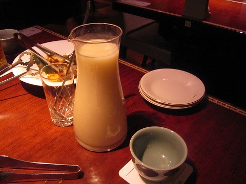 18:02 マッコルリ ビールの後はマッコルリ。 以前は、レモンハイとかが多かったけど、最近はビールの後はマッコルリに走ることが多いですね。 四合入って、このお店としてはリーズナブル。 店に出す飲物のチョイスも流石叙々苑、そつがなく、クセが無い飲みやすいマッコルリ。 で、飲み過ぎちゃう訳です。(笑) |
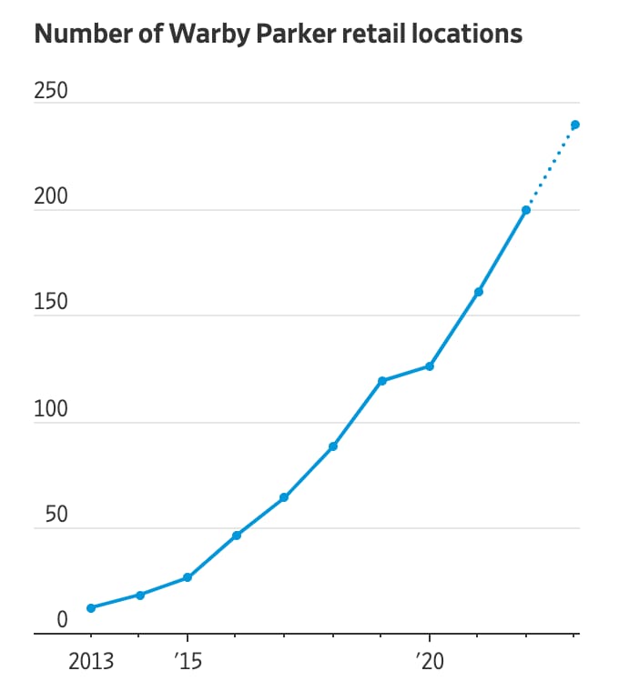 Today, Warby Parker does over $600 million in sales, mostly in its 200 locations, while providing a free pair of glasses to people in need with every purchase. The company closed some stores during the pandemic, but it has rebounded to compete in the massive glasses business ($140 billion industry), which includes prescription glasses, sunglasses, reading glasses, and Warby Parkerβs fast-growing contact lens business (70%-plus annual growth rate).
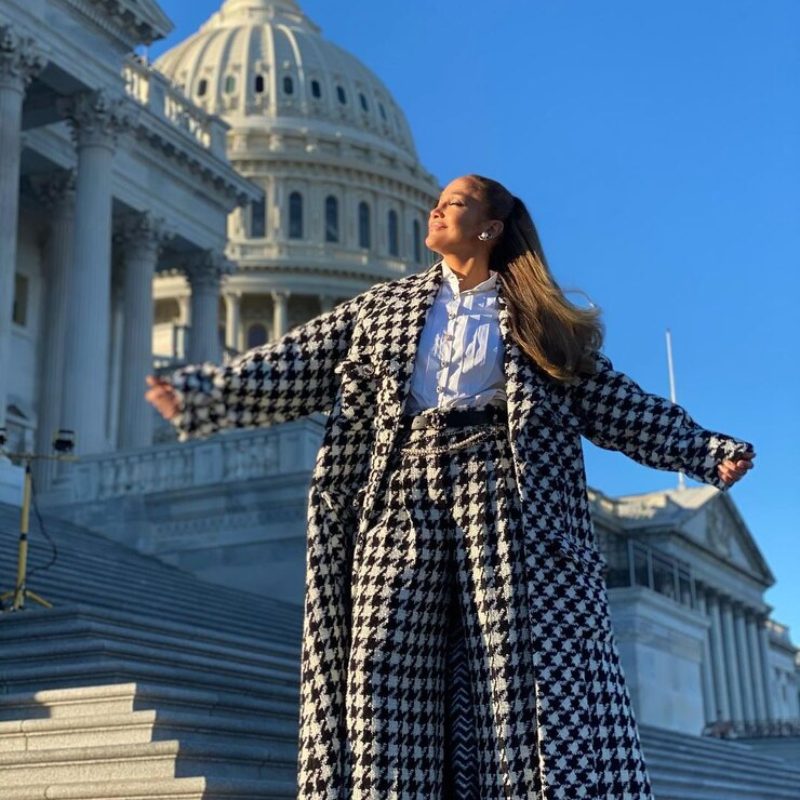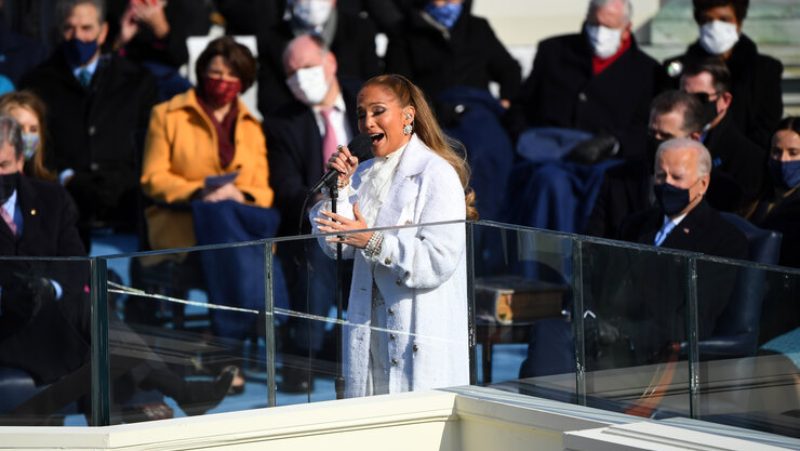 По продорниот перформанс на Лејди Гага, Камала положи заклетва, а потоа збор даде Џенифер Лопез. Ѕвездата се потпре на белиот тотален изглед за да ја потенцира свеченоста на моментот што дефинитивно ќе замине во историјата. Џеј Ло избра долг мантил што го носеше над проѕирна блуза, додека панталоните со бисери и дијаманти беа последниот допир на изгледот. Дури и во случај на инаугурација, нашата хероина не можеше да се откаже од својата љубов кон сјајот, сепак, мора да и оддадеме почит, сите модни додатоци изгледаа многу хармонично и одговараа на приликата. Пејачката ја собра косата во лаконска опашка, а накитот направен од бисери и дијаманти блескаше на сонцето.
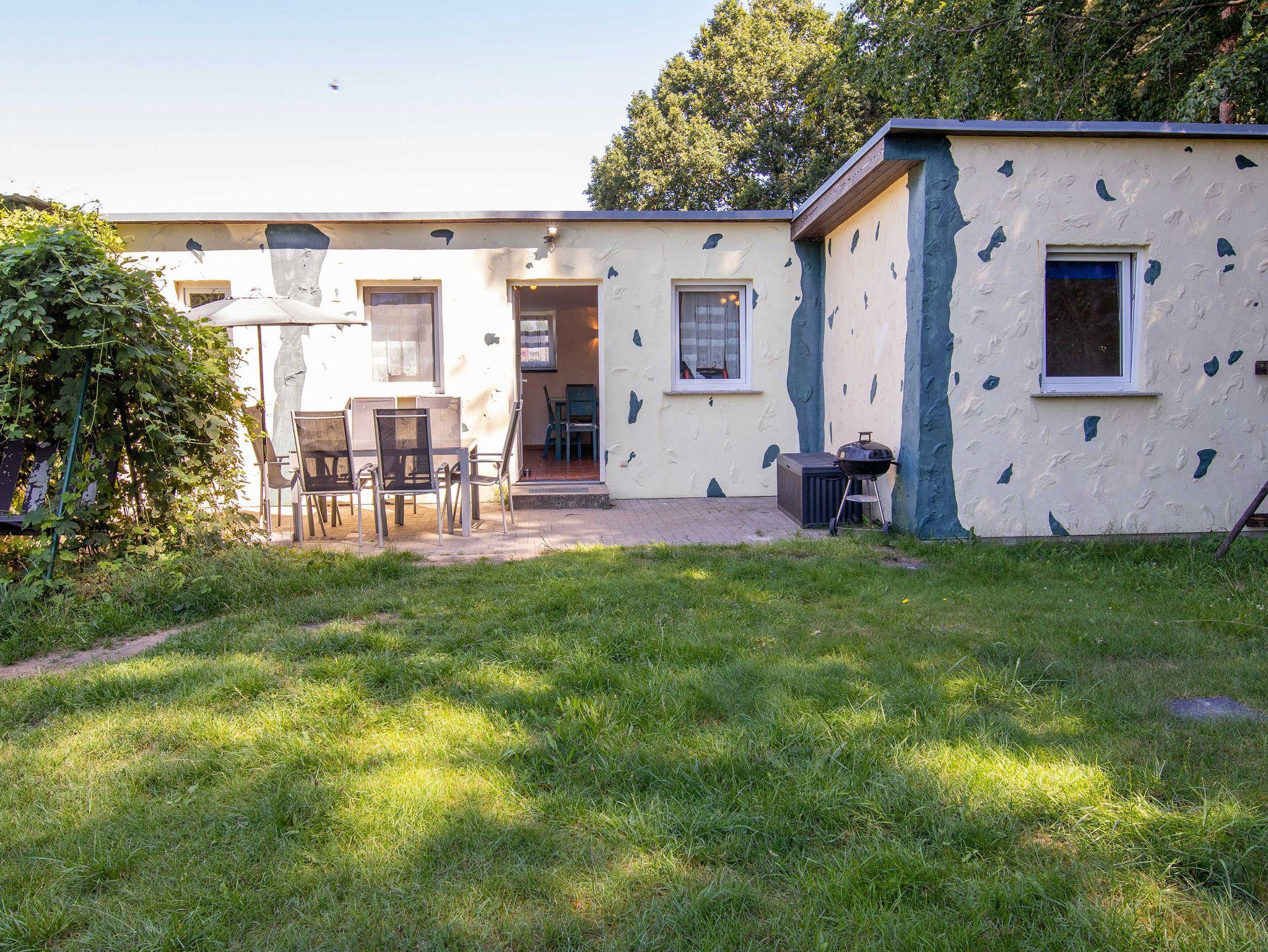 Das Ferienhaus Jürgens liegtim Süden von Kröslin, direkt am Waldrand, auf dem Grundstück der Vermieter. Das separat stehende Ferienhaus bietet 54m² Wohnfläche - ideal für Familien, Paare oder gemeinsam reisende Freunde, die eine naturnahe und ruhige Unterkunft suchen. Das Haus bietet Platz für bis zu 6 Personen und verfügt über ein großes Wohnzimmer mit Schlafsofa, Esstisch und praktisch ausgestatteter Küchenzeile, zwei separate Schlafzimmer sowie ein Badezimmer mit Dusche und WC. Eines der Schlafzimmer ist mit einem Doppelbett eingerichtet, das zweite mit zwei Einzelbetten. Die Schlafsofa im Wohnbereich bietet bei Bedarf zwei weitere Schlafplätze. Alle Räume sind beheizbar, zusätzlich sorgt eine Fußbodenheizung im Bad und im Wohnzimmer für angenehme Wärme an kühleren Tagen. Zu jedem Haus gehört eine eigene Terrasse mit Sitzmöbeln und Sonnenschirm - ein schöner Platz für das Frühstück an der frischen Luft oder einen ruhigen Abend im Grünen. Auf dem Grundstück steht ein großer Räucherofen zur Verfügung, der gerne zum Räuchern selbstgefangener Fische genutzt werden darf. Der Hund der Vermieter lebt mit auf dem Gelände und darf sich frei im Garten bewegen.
_____
TASK INSTRUCTIONS: Write out the data above in full and exactly, but not the pictures.

RESPONSE AREA:
 18:02 マッコルリ ビールの後はマッコルリ。 以前は、レモンハイとかが多かったけど、最近はビールの後はマッコルリに走ることが多いですね。 四合入って、このお店としてはリーズナブル。 店に出す飲物のチョイスも流石叙々苑、そつがなく、クセが無い飲みやすいマッコルリ。 で、飲み過ぎちゃう訳です。(笑) |
 Today, Warby Parker does over $600 million in sales, mostly in its 200 locations, while providing a free pair of glasses to people in need with every purchase. The company closed some stores during the pandemic, but it has rebounded to compete in the massive glasses business ($140 billion industry), which includes prescription glasses, sunglasses, reading glasses, and Warby Parkerβs fast-growing contact lens business (70%-plus annual growth rate).
 По продорниот перформанс на Лејди Гага, Камала положи заклетва, а потоа збор даде Џенифер Лопез. Ѕвездата се потпре на белиот тотален изглед за да ја потенцира свеченоста на моментот што дефинитивно ќе замине во историјата. Џеј Ло избра долг мантил што го носеше над проѕирна блуза, додека панталоните со бисери и дијаманти беа последниот допир на изгледот. Дури и во случај на инаугурација, нашата хероина не можеше да се откаже од својата љубов кон сјајот, сепак, мора да и оддадеме почит, сите модни додатоци изгледаа многу хармонично и одговараа на приликата. Пејачката ја собра косата во лаконска опашка, а накитот направен од бисери и дијаманти блескаше на сонцето.
 Das Ferienhaus Jürgens liegtim Süden von Kröslin, direkt am Waldrand, auf dem Grundstück der Vermieter. Das separat stehende Ferienhaus bietet 54m² Wohnfläche - ideal für Familien, Paare oder gemeinsam reisende Freunde, die eine naturnahe und ruhige Unterkunft suchen. Das Haus bietet Platz für bis zu 6 Personen und verfügt über ein großes Wohnzimmer mit Schlafsofa, Esstisch und praktisch ausgestatteter Küchenzeile, zwei separate Schlafzimmer sowie ein Badezimmer mit Dusche und WC. Eines der Schlafzimmer ist mit einem Doppelbett eingerichtet, das zweite mit zwei Einzelbetten. Die Schlafsofa im Wohnbereich bietet bei Bedarf zwei weitere Schlafplätze. Alle Räume sind beheizbar, zusätzlich sorgt eine Fußbodenheizung im Bad und im Wohnzimmer für angenehme Wärme an kühleren Tagen. Zu jedem Haus gehört eine eigene Terrasse mit Sitzmöbeln und Sonnenschirm - ein schöner Platz für das Frühstück an der frischen Luft oder einen ruhigen Abend im Grünen. Auf dem Grundstück steht ein großer Räucherofen zur Verfügung, der gerne zum Räuchern selbstgefangener Fische genutzt werden darf. Der Hund der Vermieter lebt mit auf dem Gelände und darf sich frei im Garten bewegen.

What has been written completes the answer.